Shapiro the discussed Jewish-Christian relations as part of the Gershom Lecture Series. The Gershom Lecture series began in 2014 to explore Jewish-Christian relations and are funded by a gift from Messianic Rabbi G. Robert Chenoweth.
During her first speech, “The Next Fifty Years: What Might a (More) Mature Model of Jewish-Christian Relations Look Like,” Shapiro encouraged listeners to broaden the Jewish-Christian dialogue.
“I know several Jewish organizations whose claim to be deeply involved in Jewish-Christian relations really means they are engaged with and interested in only one kind of Christian,” Shapiro said. “That is, the kind of Christian who is perceived to be on our side.”
Shapiro advocated for the expansion of the Jewish-Christian dialogue to include groups that may not support all actions of Israel.
“A more developed model of Jewish-Christian relations would contain room for principled disagreement about Israel,” Shapiro said. “A particular attitude towards Israel should not be a criterion of participation in the Jewish-Christian encounter.”
Junior Jerry Hewitt, a Christian studies major, said he gained an appreciation for the complexity of Jewish-Christian relations from Shapiro’s speech.
“Israel isn’t just a nation, but a group of people, just like we are,” Hewitt said. “We have a lot of differences but we have a similar background and an intertwined tradition.”
Prior to this week’s lectures, Shapiro had been a featured speaker during the winter break tour of Israel sponsored by Passages. Matt Sauer ‘16, currently an admissions counselor and a graduate of Hillsdale College, heard her speak during that trip two years ago.
“In Israel, Shapiro’s speech was very general and all about making the most of our experience in another country,” Sauer said. “This speech was about now that we are back in our own country, how are we going to apply what we learned to this future Jewish-Christian dialogue.”

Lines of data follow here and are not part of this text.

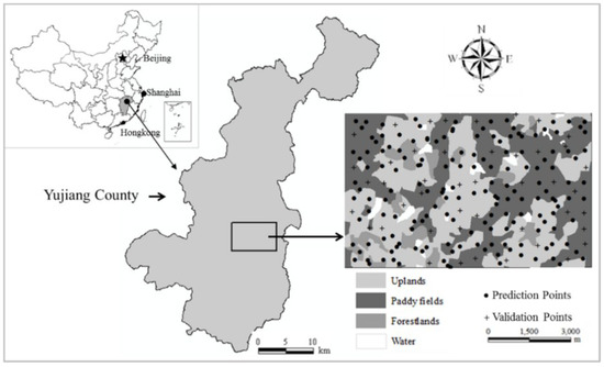 The study area (116°41′–117°09′ E, 28°04′–28°37′ N) is located in the middle area of Yujiang County, and covers a region of 40 km2 (8 km × 5 km). Situated in a subtropical, humid monsoon climate zone, the study area has a warm climate, abundant heat and sunshine, plentiful rainfall, and a long frost-free period. The annual average temperature is 17.6 °C, and the annual average precipitation is 1778.8 mm. Its frost-free period is approximately 258 days. The terrain in the study area is dominated by hilly and low mountains. Red soil (acrisols, WRB 2006) [28] is the most important soil type, and the main soil parent materials are red sandstone, quaternary red clay, shale, and river alluvium (Yujiang County, Jiangxi Province Soil Census Office, 1986) [29]. Paddy fields, dry land, and forestland are the major land use patterns. The main crops are rice, grains, sweet potatoes, peanuts, and sesames.
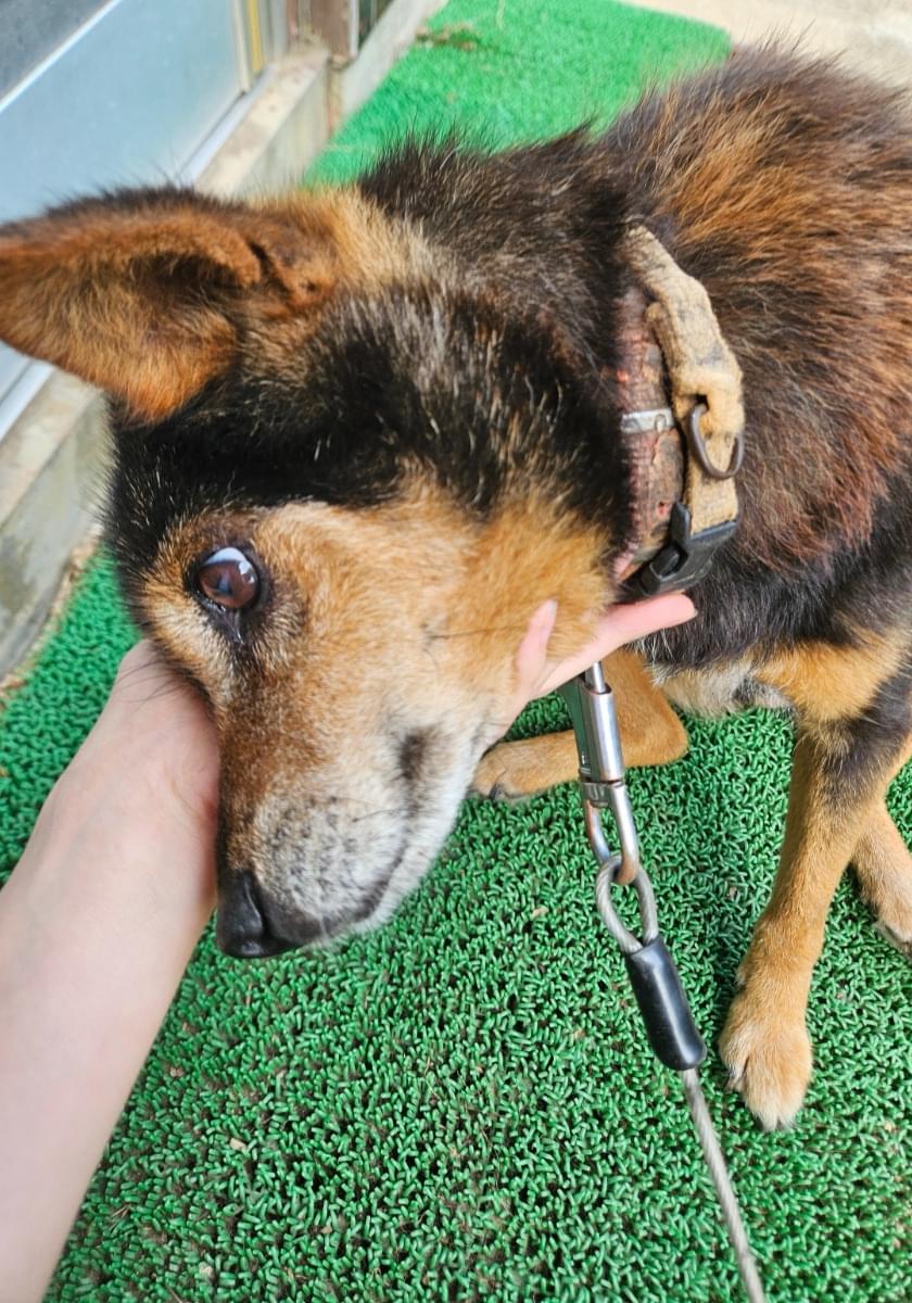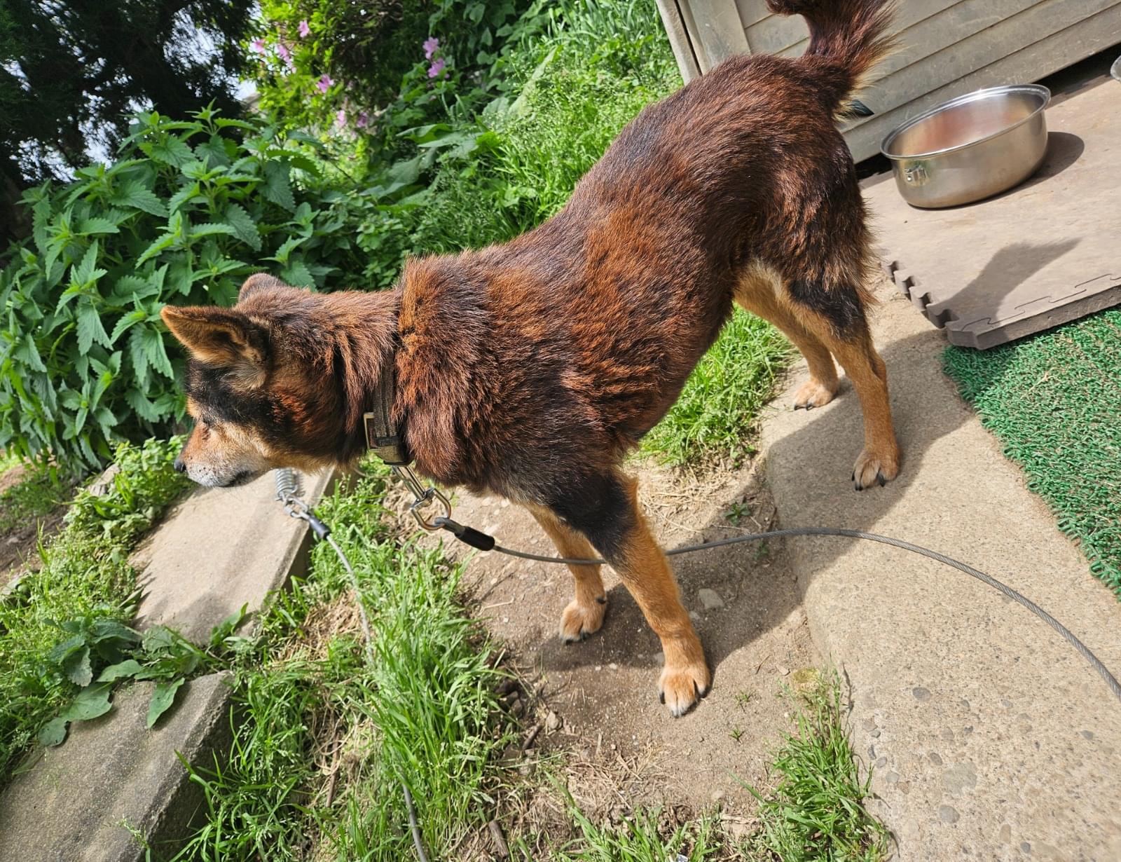 人懐っこくて、人について行くような子です。名札などはしてないですが、薄橙色と赤の首輪を1つずつ付けてます。足だけ薄茶色ぽい色をしてます。
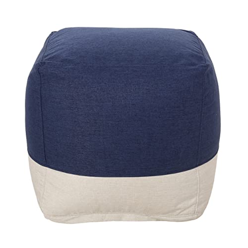 Christopher Knight Pouf Cube Bleu Marine et Beige
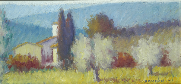 Dino Migliorini (Rignano sull'Arno, 1907 - Firenze, 2005) Campagna Olio su faesite, cm. 25x50 Firma in basso a destra. € 250/350

Shapiro’s second speech, “The Unique Challenges and Possibilities of Jewish-Christian Relations in Israel,” explored how the unique Jewish majority in Israel made Jewish-Christian relations different from Jewish-Christian relations in other parts of the West.
“It is said that the test of a democracy is the vigor with which it protects the rights of its minorities,” Shapiro said. “For the first time, Jews are responsible for minorities in the Jewish State. Some of them are Christian.”
Shapiro said this reversal of the traditional power dynamics that have existed in most of the West creates issues only found in Israel.
“We Jews have our own Jewish fundamentalists who would like to see a more ‘Jewish’ Jewish State,” Shapiro said. “The question is not about them. The question is how the Jewish State pursues its responsibility for upholding the religious rights and freedoms of Christians.”
During the question and answer session following the speech, a student in the audience asked Shapiro what the final goal or purpose of having a Jewish-Christian dialogue was.
“There is no one simple goal,” Shapiro said. “It is simply our responsibility as part of our continued participation in the West to have Jewish-Christian dialogue.”